┌────────

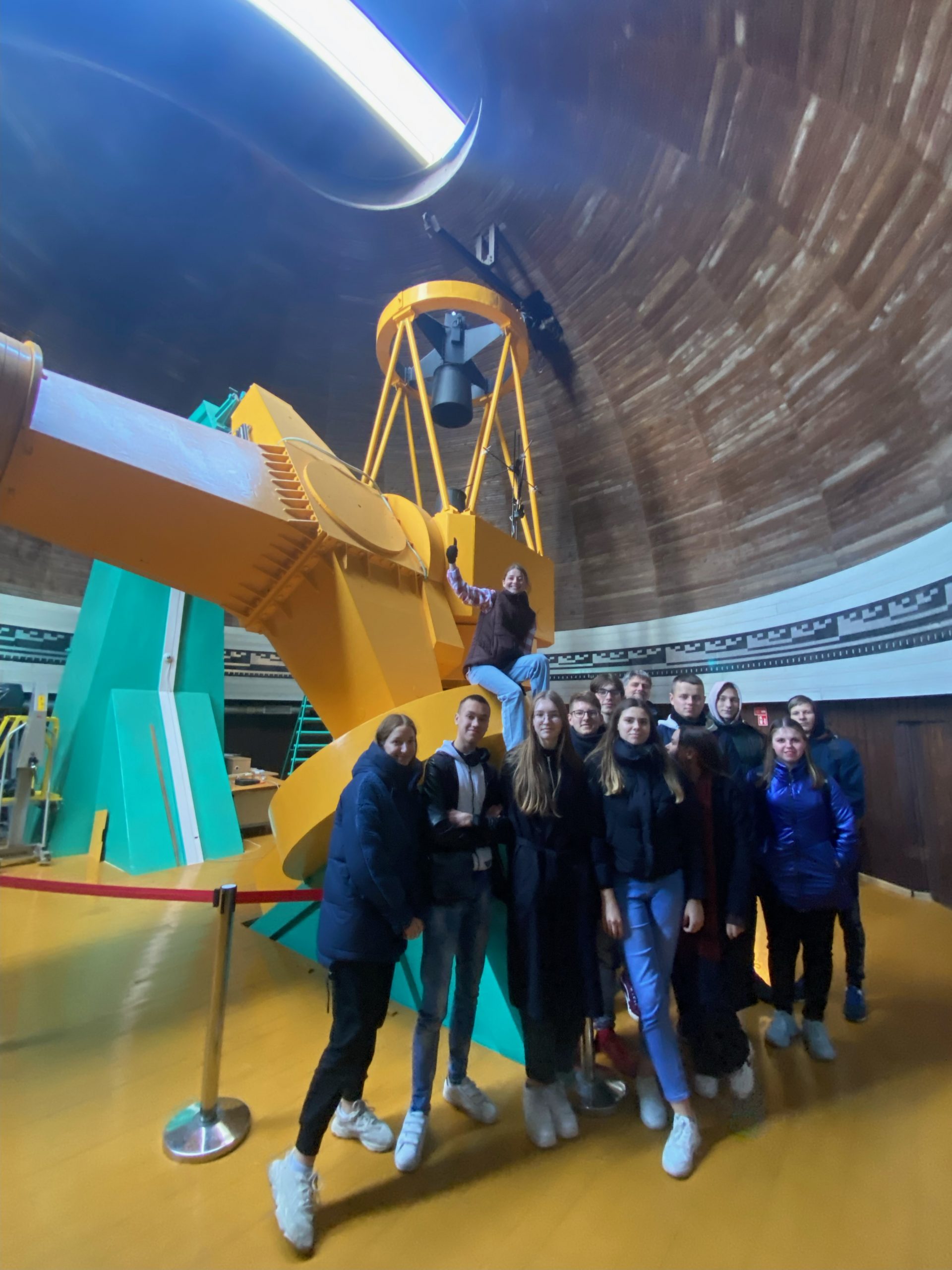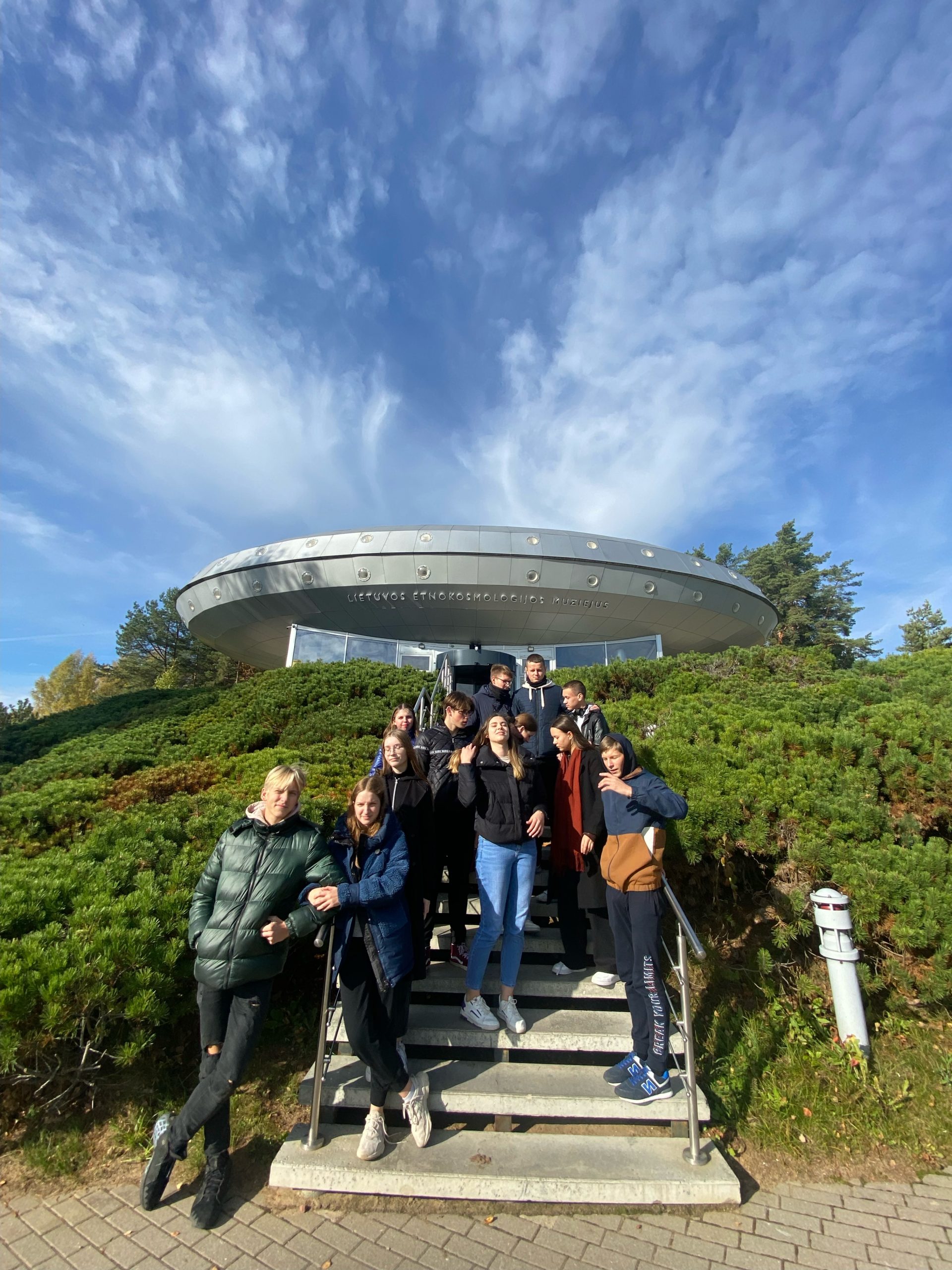 Spalio 14 d. III klasės mokiniai kartu su informatikos mokytoja Alina Makovska apsilankė Molėtų astronomijos observatorijoje ir Etnokosmologijos muziejuje. Observatorijoje mes klausėmės žymaus astronomo Sauliaus Lovčiko paskaitos. Mokiniai turėjo galimybę susipažinti su Lietuvos ir pasaulio astronomijos naujienomis, apžiūrėti teleskopus, pamatyti nuostabaus grožio spalvotomis planetų, žvaigždžių, ūkų, spiečių, galaktikų nuotraukomis. Etnokosmologijos muziejuje mokiniai pamatė pirmąją šalies istorijoje Lietuvos vėliavą, kuri skrido kosmose tris dienas daugiau nei 585 km aukštyje aplink Žemę. Sužinojo apie žmogaus ir žmonijos santykį su Kosminiu pasauliu. Didžiulio mokinių dėmesio sulaukė pirmųjų nepriklausomos Lietuvos nanopalydovų maketai, kurie sukurti Lietuvos kosmoso įmonėje „NanoAvionics“. Mums buvo malonu, kadangi nanopalydovo „LituanicaSAT-2“ programuotojas Eldar Šabanovič yra mūsų gimnazijos tarptautinio „Etrasmus+“projekto „Work is success, time is money; return to the roots” dalyvis. Praėjusiais mokslo metais mūsų gimnazijoje jis skaitė paskaitą „Pirmieji nepriklausomos Lietuvos palydovai, dronai ir dirbtinis intelektas.“
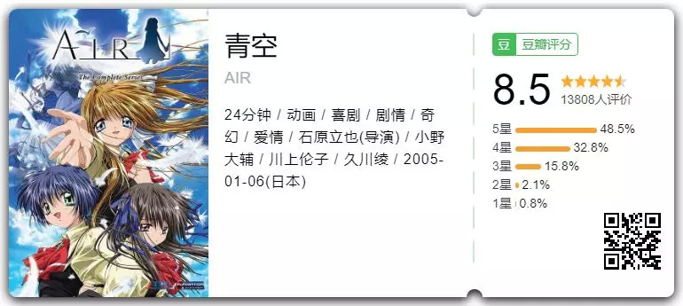 由知名游戏社KEY社作品改编,虽然现在动画画风看起来有点古早,但作为“三大催泪弹”之一,地位很高,这么多年来,还是有很多新人前来补番。
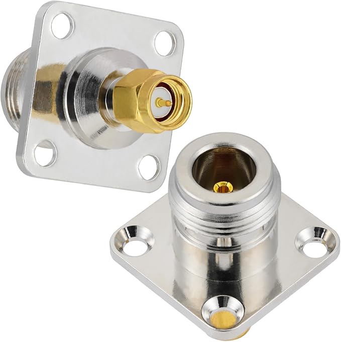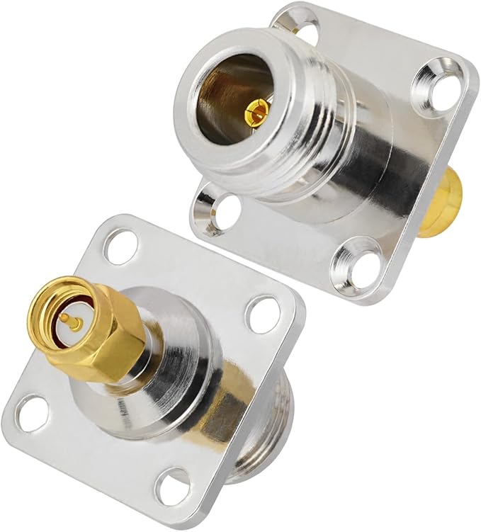 2個入りN型メス-SMA型オス 4 穴フランジパネル取り付け型コネクタ50オーム N型-SMA 4 穴フランジシャーシ取り付け型半田接続アダプター 無線アンテナ同軸ケーブル用
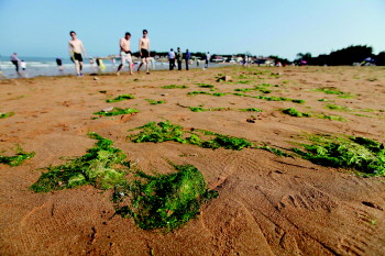 本报6月18日讯(记者 陈之焕) 18日,在团岛,八大峡海域出现浒苔,近日零星浒苔陆续登陆三浴、六浴等浴场及码头,浒苔大军距离青岛约40公里,将在几天后登陆。
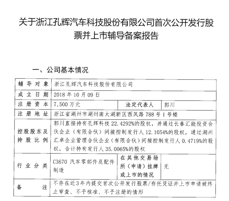汽车Tier 1龙头,正式开启上市征程。 近日,国产空气悬挂公司浙江孔辉汽车科技股份有限公司(以下简称"孔辉科技")在浙江证监局完成IPO辅导备案登记,辅导机构为中信建投。这家由中 国工程院院士郭孔辉父子及学生组成核心团队的创业公司,冲刺资本市场。 | 导对象 辅 | 浙江孔辉汽车科技股份有限公司 | | --- | --- | | 成立日期 | 2018年10月09日 | | 注册资本 | 7,500 万元 法定代表人 郭川 | | 注册地址 | 浙江省湖州市湖州南大湖新区西凤路 788号 1 号楼 | | 控股股东及 | 郭川直接持有孔辉科技 22.4292%的股权,并通过长春汇能投资合 | | 持 股 比 例 | 伙企业(有限合伙)间接控制发行人 12. 1054%的股权,通过湖州 汇卓企业管理合伙企业(有限合伙)间接控制发行人 0.4719%的股 | | | 权,合计持有发行人35.0065%的股权 | | 行业分类 | 在其他交易场 C3670 汽车零部件及配件 所(申请)挂牌 | | | 元 制造 | | | 或上市的情况 | | 注 | 不存在近3年内提交首次公开发行股票/存托凭证并上市申请被终 ...
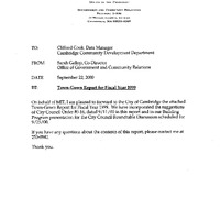 - A communciation was reveived from Sarah Gallop, MIT, Co-Director, Office of Government and Community Relations, transmitting the Town-Gown Report for Fiscal Year 1999.
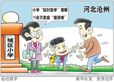家住河北沧州市区的李凌军,之前一直为接孩子放学发愁,正上小学一年级的女儿每天下午3时30分放学,而他和妻子5时30分才下班,于是轮流请假接娃成为二人的常态。现在,他们轻松了:学校延时放学到五点半,“接孩难”问题得到缓解。 新华社发
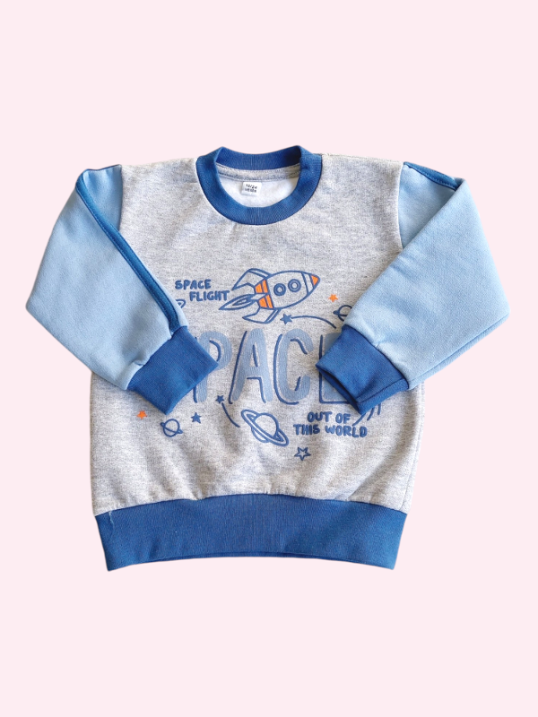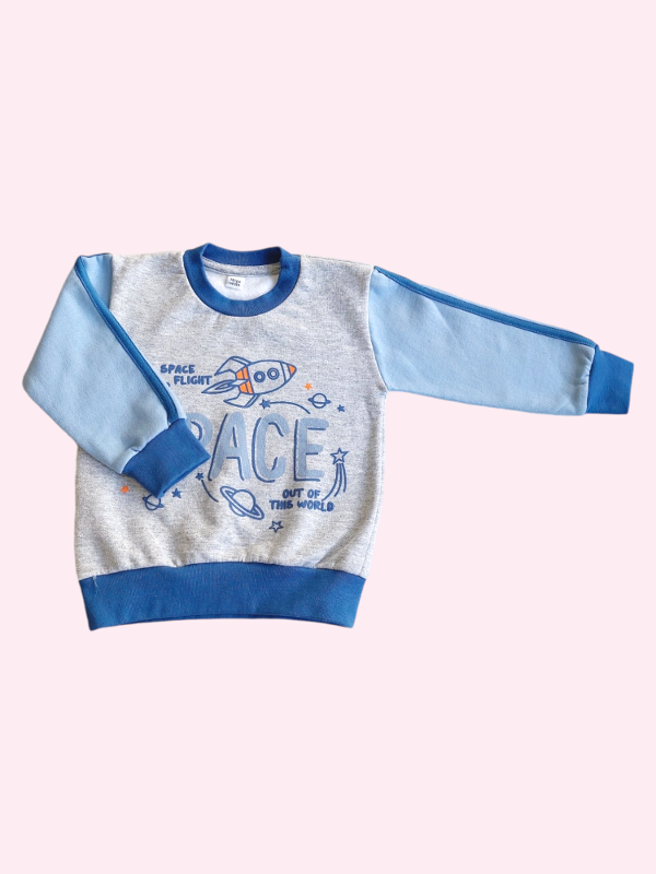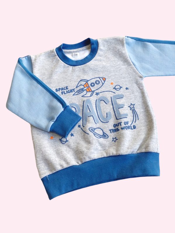 Buzo frizado gris con mangas celestes Space 18/24 meses
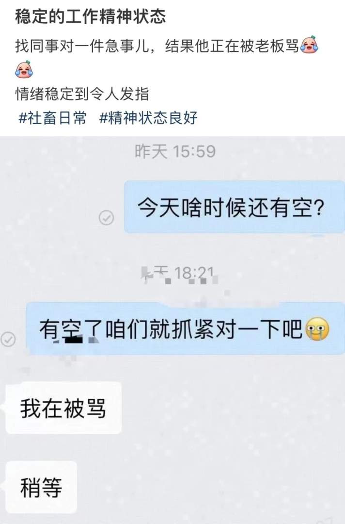 同事的情绪已经稳定到令人发指。
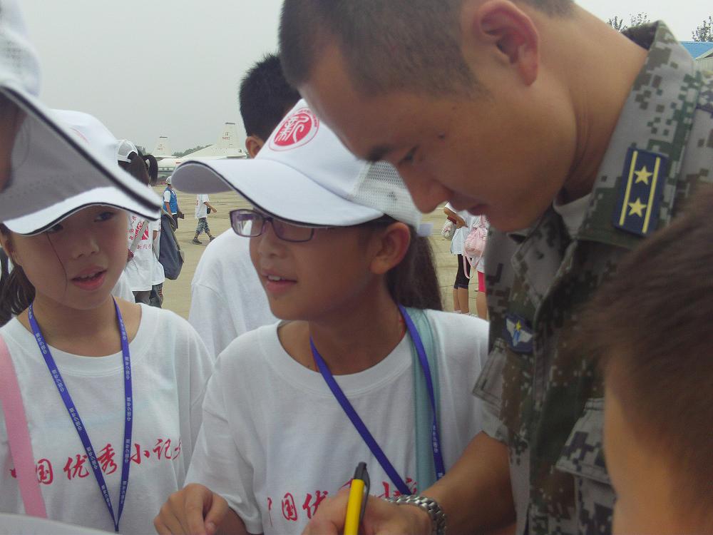 重庆小记者参加“第六届全国优秀小记者评选大赛”,采访空军飞行员。

└────────

- [Brief]: Retype the data in full. Images do not go in the copy.

- [Answer box]:
 Spalio 14 d. III klasės mokiniai kartu su informatikos mokytoja Alina Makovska apsilankė Molėtų astronomijos observatorijoje ir Etnokosmologijos muziejuje. Observatorijoje mes klausėmės žymaus astronomo Sauliaus Lovčiko paskaitos. Mokiniai turėjo galimybę susipažinti su Lietuvos ir pasaulio astronomijos naujienomis, apžiūrėti teleskopus, pamatyti nuostabaus grožio spalvotomis planetų, žvaigždžių, ūkų, spiečių, galaktikų nuotraukomis. Etnokosmologijos muziejuje mokiniai pamatė pirmąją šalies istorijoje Lietuvos vėliavą, kuri skrido kosmose tris dienas daugiau nei 585 km aukštyje aplink Žemę. Sužinojo apie žmogaus ir žmonijos santykį su Kosminiu pasauliu. Didžiulio mokinių dėmesio sulaukė pirmųjų nepriklausomos Lietuvos nanopalydovų maketai, kurie sukurti Lietuvos kosmoso įmonėje „NanoAvionics“. Mums buvo malonu, kadangi nanopalydovo „LituanicaSAT-2“ programuotojas Eldar Šabanovič yra mūsų gimnazijos tarptautinio „Etrasmus+“projekto „Work is success, time is money; return to the roots” dalyvis. Praėjusiais mokslo metais mūsų gimnazijoje jis skaitė paskaitą „Pirmieji nepriklausomos Lietuvos palydovai, dronai ir dirbtinis intelektas.“
 由知名游戏社KEY社作品改编,虽然现在动画画风看起来有点古早,但作为“三大催泪弹”之一,地位很高,这么多年来,还是有很多新人前来补番。
 2個入りN型メス-SMA型オス 4 穴フランジパネル取り付け型コネクタ50オーム N型-SMA 4 穴フランジシャーシ取り付け型半田接続アダプター 無線アンテナ同軸ケーブル用
 本报6月18日讯(记者 陈之焕) 18日,在团岛,八大峡海域出现浒苔,近日零星浒苔陆续登陆三浴、六浴等浴场及码头,浒苔大军距离青岛约40公里,将在几天后登陆。
汽车Tier 1龙头,正式开启上市征程。 近日,国产空气悬挂公司浙江孔辉汽车科技股份有限公司(以下简称"孔辉科技")在浙江证监局完成IPO辅导备案登记,辅导机构为中信建投。这家由中 国工程院院士郭孔辉父子及学生组成核心团队的创业公司,冲刺资本市场。 | 导对象 辅 | 浙江孔辉汽车科技股份有限公司 | | --- | --- | | 成立日期 | 2018年10月09日 | | 注册资本 | 7,500 万元 法定代表人 郭川 | | 注册地址 | 浙江省湖州市湖州南大湖新区西凤路 788号 1 号楼 | | 控股股东及 | 郭川直接持有孔辉科技 22.4292%的股权,并通过长春汇能投资合 | | 持 股 比 例 | 伙企业(有限合伙)间接控制发行人 12. 1054%的股权,通过湖州 汇卓企业管理合伙企业(有限合伙)间接控制发行人 0.4719%的股 | | | 权,合计持有发行人35.0065%的股权 | | 行业分类 | 在其他交易场 C3670 汽车零部件及配件 所(申请)挂牌 | | | 元 制造 | | | 或上市的情况 | | 注 | 不存在近3年内提交首次公开发行股票/存托凭证并上市申请被终 ...
 - A communciation was reveived from Sarah Gallop, MIT, Co-Director, Office of Government and Community Relations, transmitting the Town-Gown Report for Fiscal Year 1999.
家住河北沧州市区的李凌军,之前一直为接孩子放学发愁,正上小学一年级的女儿每天下午3时30分放学,而他和妻子5时30分才下班,于是轮流请假接娃成为二人的常态。现在,他们轻松了:学校延时放学到五点半,“接孩难”问题得到缓解。 新华社发
 Buzo frizado gris con mangas celestes Space 18/24 meses
 同事的情绪已经稳定到令人发指。
 重庆小记者参加“第六届全国优秀小记者评选大赛”,采访空军飞行员。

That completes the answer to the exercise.